[[ SUPPLIED RECORDS open ]]

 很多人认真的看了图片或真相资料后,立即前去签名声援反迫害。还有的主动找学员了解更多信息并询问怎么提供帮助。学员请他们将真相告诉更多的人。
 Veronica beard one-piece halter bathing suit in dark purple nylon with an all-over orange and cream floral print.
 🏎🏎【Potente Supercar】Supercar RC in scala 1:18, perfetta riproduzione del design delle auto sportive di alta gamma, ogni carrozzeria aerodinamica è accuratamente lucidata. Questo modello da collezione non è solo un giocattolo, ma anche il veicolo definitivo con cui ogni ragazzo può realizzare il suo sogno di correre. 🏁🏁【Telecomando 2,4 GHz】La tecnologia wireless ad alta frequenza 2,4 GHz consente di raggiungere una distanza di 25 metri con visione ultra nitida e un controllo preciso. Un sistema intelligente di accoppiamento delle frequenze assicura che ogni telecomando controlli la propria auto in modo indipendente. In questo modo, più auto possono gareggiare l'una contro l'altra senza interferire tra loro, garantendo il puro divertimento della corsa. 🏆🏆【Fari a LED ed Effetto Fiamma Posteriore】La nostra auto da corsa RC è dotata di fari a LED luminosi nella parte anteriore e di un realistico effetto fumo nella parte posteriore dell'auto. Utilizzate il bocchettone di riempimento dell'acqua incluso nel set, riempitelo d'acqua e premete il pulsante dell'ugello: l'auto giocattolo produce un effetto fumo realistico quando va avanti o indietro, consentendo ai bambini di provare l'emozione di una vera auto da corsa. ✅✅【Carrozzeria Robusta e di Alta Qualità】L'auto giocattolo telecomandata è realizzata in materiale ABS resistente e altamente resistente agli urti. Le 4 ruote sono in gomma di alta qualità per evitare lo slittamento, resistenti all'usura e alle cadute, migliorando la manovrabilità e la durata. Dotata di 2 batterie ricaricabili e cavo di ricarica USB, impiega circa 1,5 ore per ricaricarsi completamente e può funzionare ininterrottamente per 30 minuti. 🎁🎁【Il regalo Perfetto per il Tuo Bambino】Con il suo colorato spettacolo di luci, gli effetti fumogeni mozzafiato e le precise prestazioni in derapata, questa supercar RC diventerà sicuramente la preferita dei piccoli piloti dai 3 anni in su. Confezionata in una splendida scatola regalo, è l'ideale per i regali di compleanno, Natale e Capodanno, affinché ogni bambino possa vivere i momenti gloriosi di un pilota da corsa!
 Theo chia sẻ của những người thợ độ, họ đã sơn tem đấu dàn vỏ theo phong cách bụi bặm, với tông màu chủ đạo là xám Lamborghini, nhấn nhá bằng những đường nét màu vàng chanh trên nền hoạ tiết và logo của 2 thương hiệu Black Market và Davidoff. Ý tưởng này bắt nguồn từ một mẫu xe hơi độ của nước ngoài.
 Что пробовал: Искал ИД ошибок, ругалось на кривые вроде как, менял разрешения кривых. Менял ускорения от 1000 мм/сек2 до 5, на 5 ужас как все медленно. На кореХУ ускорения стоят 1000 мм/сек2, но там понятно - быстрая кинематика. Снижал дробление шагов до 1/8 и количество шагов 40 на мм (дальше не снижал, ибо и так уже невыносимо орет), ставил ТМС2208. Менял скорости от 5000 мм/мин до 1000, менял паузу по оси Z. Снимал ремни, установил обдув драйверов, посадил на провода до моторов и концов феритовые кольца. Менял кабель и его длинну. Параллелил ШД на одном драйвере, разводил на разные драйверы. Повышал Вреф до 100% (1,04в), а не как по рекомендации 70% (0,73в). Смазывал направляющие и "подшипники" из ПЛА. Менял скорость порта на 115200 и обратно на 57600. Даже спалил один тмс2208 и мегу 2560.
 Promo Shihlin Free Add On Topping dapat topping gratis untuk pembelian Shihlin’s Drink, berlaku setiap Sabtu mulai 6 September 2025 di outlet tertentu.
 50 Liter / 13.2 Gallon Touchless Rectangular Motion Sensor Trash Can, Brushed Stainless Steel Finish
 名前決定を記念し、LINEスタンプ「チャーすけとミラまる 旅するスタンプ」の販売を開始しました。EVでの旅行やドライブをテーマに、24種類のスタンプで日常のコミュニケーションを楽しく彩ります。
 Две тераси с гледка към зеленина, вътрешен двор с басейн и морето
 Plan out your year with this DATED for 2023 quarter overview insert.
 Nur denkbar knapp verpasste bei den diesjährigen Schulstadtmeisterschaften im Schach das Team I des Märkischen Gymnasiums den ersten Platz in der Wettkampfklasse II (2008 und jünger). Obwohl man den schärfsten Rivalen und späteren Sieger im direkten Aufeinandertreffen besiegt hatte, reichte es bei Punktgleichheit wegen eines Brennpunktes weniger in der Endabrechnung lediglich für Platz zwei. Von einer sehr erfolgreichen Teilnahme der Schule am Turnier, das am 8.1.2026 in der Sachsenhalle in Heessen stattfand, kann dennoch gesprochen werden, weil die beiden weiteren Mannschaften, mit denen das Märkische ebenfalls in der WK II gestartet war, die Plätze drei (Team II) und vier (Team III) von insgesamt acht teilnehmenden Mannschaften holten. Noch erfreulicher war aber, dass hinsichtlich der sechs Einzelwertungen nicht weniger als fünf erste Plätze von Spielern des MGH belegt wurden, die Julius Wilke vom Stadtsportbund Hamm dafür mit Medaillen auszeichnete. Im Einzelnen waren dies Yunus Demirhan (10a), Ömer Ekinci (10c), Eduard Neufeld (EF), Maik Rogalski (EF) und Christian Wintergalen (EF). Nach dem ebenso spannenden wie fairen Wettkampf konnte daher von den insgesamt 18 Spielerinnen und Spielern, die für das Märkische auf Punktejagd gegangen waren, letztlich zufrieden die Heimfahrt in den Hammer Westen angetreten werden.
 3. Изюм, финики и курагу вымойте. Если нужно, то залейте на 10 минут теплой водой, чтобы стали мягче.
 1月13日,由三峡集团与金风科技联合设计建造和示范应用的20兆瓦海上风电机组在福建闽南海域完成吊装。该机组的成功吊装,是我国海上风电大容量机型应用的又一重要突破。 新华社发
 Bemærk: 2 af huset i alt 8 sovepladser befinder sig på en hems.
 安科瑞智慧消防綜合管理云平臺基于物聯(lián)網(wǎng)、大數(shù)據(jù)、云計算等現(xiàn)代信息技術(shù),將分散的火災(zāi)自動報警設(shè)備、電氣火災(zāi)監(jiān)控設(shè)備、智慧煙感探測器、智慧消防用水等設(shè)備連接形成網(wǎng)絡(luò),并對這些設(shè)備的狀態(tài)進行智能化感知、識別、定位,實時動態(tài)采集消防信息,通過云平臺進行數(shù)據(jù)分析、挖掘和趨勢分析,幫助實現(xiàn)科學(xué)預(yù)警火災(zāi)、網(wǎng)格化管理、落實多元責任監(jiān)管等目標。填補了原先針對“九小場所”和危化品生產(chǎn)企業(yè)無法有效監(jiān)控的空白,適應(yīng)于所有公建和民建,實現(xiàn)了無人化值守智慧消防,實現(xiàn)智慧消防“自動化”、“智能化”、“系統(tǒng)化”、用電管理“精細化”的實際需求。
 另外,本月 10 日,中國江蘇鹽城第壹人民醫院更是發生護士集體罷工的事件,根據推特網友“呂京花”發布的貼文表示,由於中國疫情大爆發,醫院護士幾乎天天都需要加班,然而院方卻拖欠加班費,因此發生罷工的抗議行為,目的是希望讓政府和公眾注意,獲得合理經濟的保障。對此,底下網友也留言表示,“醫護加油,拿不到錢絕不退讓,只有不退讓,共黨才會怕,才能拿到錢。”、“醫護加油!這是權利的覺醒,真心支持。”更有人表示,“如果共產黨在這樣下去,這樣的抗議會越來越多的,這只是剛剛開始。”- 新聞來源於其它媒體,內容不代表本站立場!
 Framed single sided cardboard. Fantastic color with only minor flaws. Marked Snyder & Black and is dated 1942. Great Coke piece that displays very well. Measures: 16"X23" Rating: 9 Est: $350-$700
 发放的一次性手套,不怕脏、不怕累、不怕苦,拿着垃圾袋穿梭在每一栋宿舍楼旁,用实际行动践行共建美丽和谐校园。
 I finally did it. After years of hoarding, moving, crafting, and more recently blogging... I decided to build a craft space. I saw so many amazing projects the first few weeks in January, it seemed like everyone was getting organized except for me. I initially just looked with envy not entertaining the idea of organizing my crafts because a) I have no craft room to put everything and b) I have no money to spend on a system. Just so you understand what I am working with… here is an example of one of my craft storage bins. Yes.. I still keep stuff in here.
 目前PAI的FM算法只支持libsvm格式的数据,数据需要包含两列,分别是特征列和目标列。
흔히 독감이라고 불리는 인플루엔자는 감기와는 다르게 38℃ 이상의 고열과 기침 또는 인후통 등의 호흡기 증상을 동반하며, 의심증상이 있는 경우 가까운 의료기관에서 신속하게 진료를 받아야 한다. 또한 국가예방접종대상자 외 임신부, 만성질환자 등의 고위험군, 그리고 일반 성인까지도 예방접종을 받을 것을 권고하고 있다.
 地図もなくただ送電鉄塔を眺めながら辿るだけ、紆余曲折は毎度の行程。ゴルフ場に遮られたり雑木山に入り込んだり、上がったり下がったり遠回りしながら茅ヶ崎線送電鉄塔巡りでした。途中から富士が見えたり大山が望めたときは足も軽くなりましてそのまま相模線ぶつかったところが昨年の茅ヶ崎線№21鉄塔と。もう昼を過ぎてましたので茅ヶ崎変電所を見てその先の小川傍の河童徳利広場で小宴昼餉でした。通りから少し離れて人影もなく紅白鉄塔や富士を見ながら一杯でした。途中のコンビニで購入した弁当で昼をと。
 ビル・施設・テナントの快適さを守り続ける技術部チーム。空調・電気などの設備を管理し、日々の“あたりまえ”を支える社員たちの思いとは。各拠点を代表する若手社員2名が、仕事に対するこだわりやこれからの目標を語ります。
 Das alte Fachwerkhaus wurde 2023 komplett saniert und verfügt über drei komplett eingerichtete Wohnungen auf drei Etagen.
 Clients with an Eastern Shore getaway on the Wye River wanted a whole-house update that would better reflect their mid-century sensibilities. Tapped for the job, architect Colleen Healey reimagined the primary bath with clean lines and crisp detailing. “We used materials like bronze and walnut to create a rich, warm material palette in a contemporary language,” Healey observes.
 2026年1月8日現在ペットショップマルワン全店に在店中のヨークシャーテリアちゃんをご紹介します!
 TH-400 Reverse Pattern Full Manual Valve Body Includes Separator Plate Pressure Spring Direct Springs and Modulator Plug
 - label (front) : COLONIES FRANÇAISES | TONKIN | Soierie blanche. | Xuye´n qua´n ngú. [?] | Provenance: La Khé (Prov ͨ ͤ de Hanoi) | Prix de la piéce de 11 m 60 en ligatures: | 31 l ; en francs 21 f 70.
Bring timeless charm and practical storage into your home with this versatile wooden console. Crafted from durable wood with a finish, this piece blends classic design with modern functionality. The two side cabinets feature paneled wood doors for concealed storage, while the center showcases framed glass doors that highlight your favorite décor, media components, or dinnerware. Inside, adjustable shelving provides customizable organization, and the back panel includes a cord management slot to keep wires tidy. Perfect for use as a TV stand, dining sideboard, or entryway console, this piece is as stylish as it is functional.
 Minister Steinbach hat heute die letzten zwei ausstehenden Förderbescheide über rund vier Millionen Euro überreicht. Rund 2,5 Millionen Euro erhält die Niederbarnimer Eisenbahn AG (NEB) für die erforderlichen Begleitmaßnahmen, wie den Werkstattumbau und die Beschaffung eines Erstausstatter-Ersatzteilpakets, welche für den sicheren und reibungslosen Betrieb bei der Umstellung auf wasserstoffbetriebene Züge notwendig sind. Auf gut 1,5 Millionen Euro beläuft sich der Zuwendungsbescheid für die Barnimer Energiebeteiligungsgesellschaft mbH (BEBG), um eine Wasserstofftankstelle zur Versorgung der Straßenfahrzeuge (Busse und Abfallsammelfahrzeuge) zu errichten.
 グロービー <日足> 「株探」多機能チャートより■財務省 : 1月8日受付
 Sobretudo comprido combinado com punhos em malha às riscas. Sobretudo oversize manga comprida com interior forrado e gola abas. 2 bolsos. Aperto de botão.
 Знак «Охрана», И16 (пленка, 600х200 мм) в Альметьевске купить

[[ SUPPLIED RECORDS closed ]]

YOUR INSTRUCTIONS |
Your answer should be the lines of the listing above between the line holding "2026年1月8日現在ペット" and the line holding "- label (front)", inclusive, restated word for word and alone.

WORKED SOLUTION |
 2026年1月8日現在ペットショップマルワン全店に在店中のヨークシャーテリアちゃんをご紹介します!
 TH-400 Reverse Pattern Full Manual Valve Body Includes Separator Plate Pressure Spring Direct Springs and Modulator Plug
 - label (front) : COLONIES FRANÇAISES | TONKIN | Soierie blanche. | Xuye´n qua´n ngú. [?] | Provenance: La Khé (Prov ͨ ͤ de Hanoi) | Prix de la piéce de 11 m 60 en ligatures: | 31 l ; en francs 21 f 70.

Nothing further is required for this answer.